Required work: Give back exactly the lines starting at the one with "その他PC Minisforum DEG2(eGPU)" and ending at the last line of the data below. Pictures are not part of the copy.

Given data:
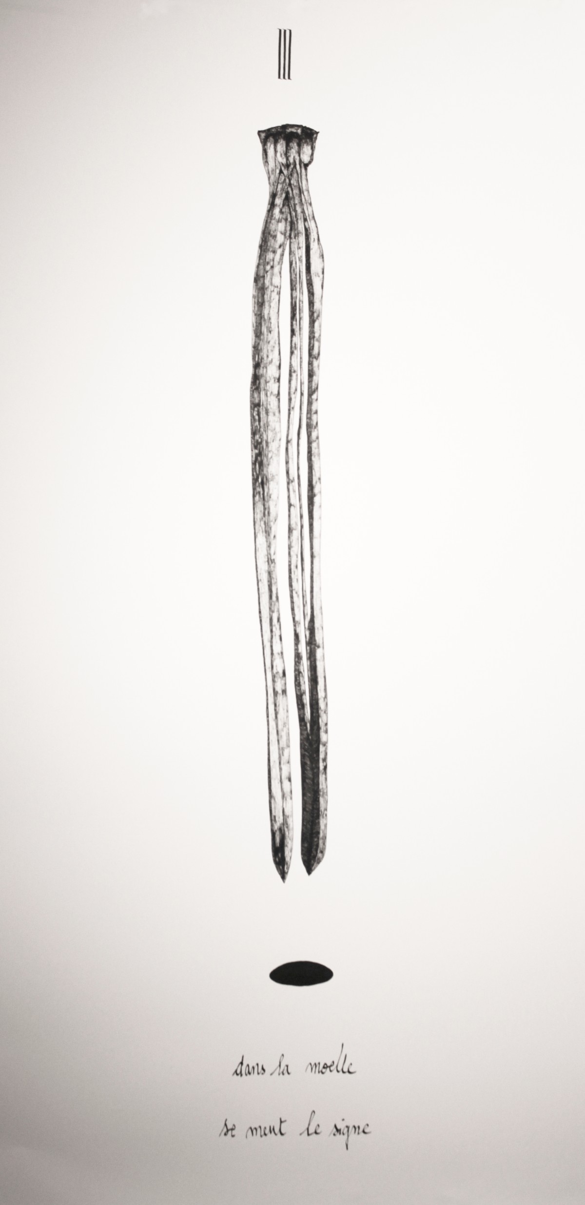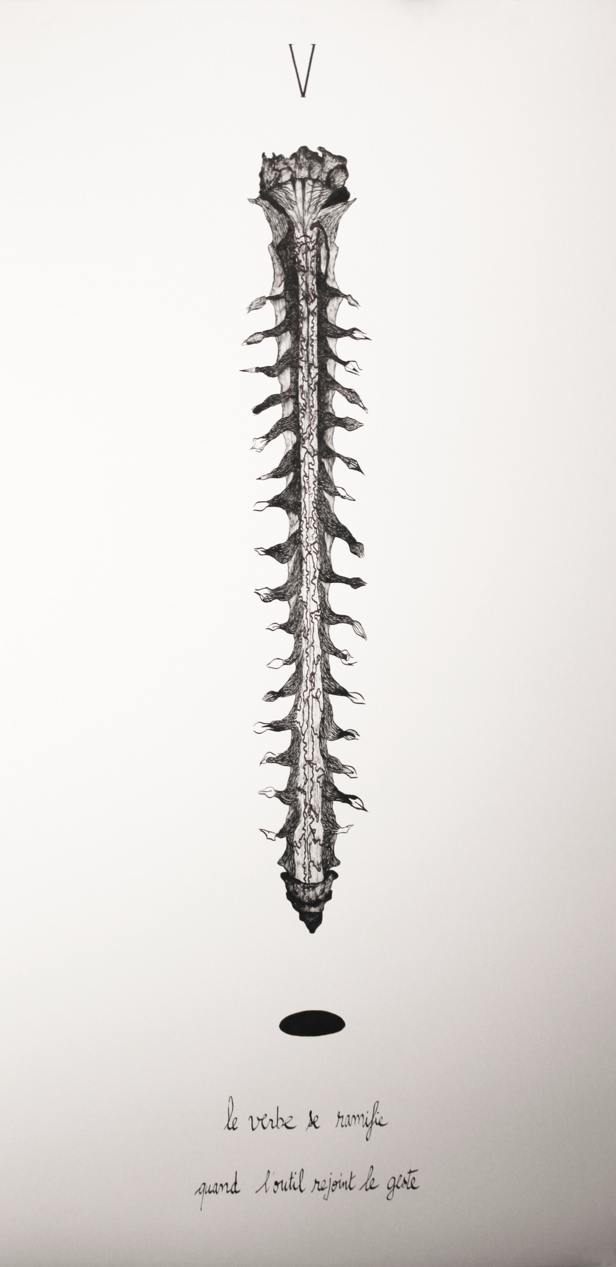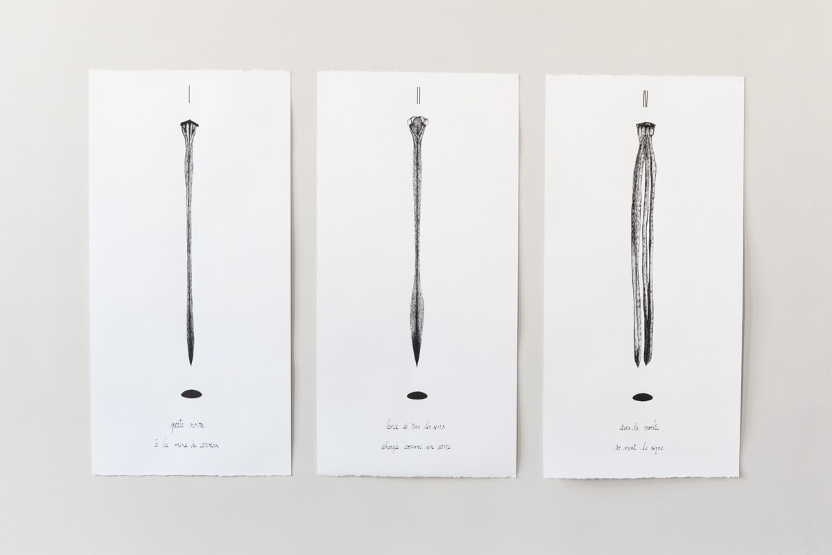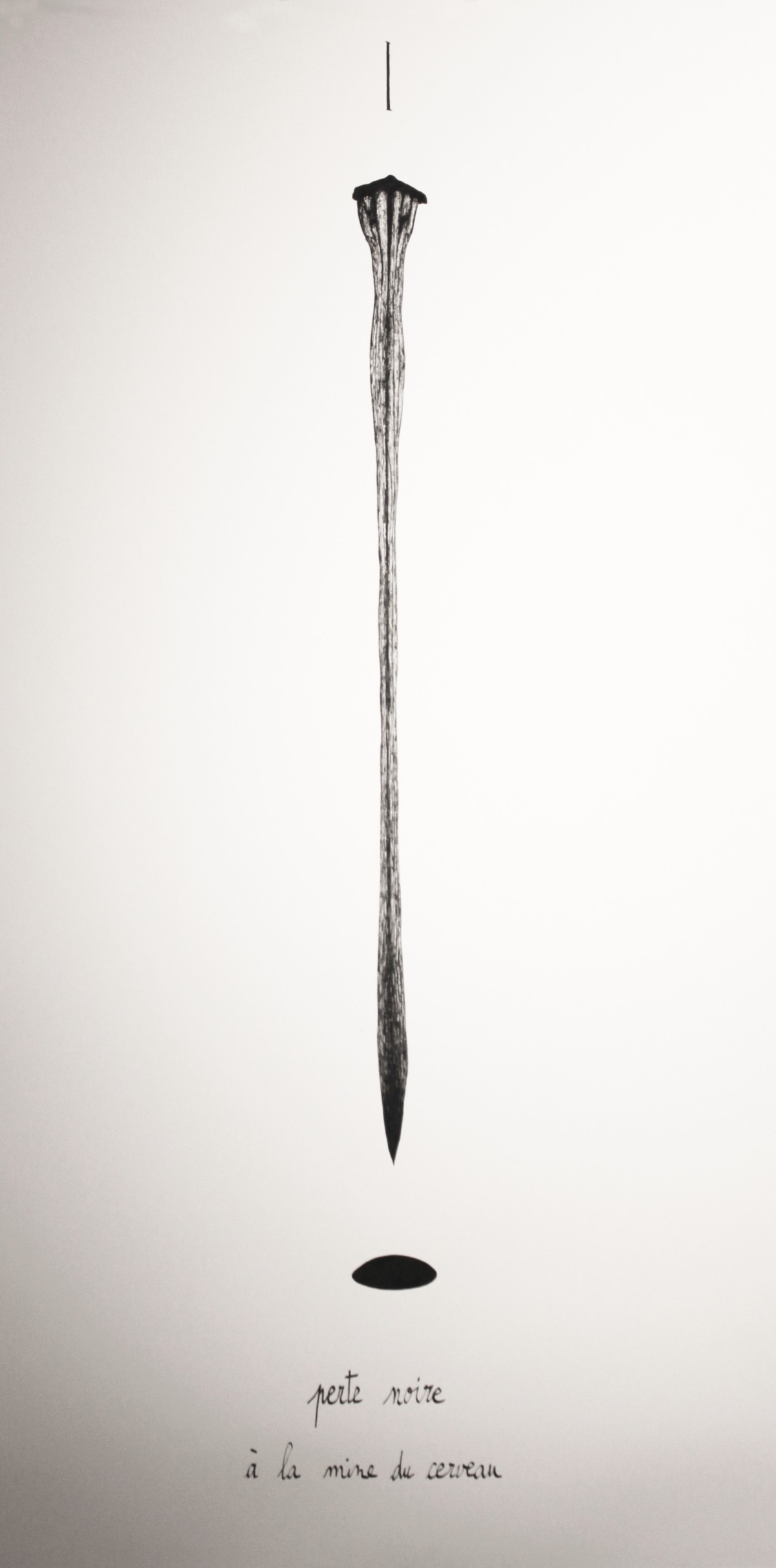 série de cinq dessins et textes à l’encre de chine et éosine sur papier BFK Rives blanc 300g. 60x120cm
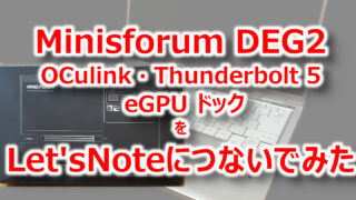 その他PC Minisforum DEG2(eGPU) をLet’sNoteにつないでみた Let'sNoteに外付けGPU(eGPU)はつかえるのか。CF-FV1とCF-QV8にMinisforum DEG2をつないでみました。 2026.02.04 その他PC
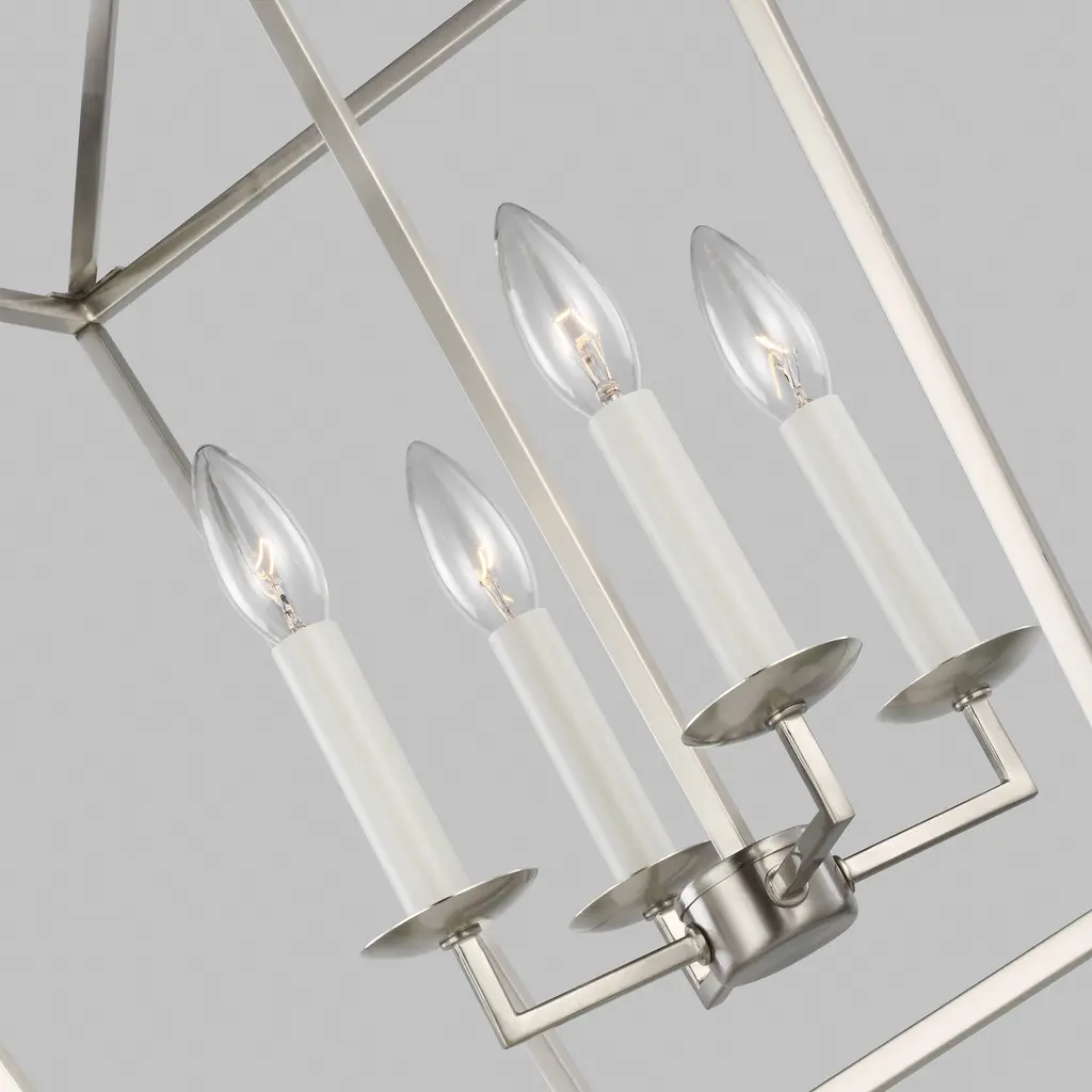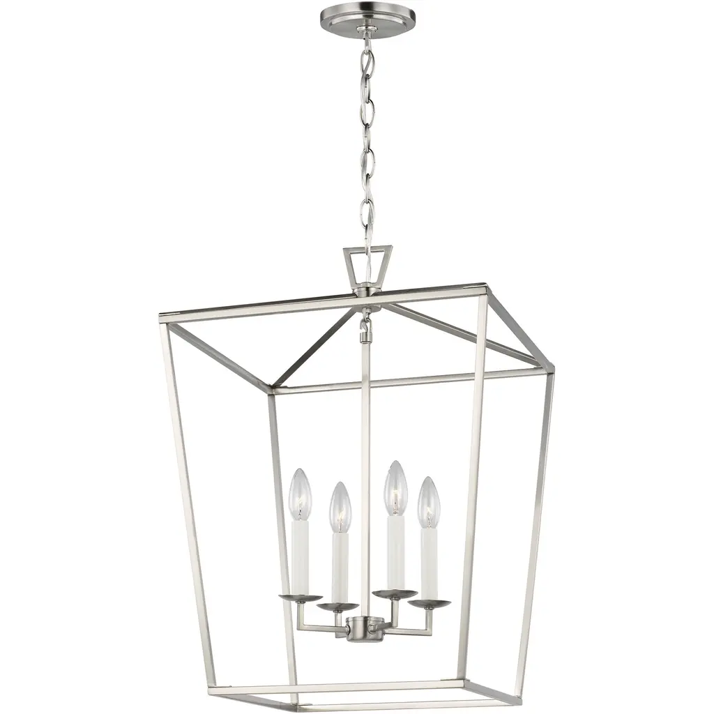 The Dianna contemporary lantern pendant by Generation Lighting is offered in the Midnight Black, Satin Bronze or Brushed Nickel finish. The dark and transitional open frame encompass generously proportioned candelabra style bulbs. This updated silhouette brings a modern element to your cozy ambient lighting design.

Output:
 その他PC Minisforum DEG2(eGPU) をLet’sNoteにつないでみた Let'sNoteに外付けGPU(eGPU)はつかえるのか。CF-FV1とCF-QV8にMinisforum DEG2をつないでみました。 2026.02.04 その他PC
 The Dianna contemporary lantern pendant by Generation Lighting is offered in the Midnight Black, Satin Bronze or Brushed Nickel finish. The dark and transitional open frame encompass generously proportioned candelabra style bulbs. This updated silhouette brings a modern element to your cozy ambient lighting design.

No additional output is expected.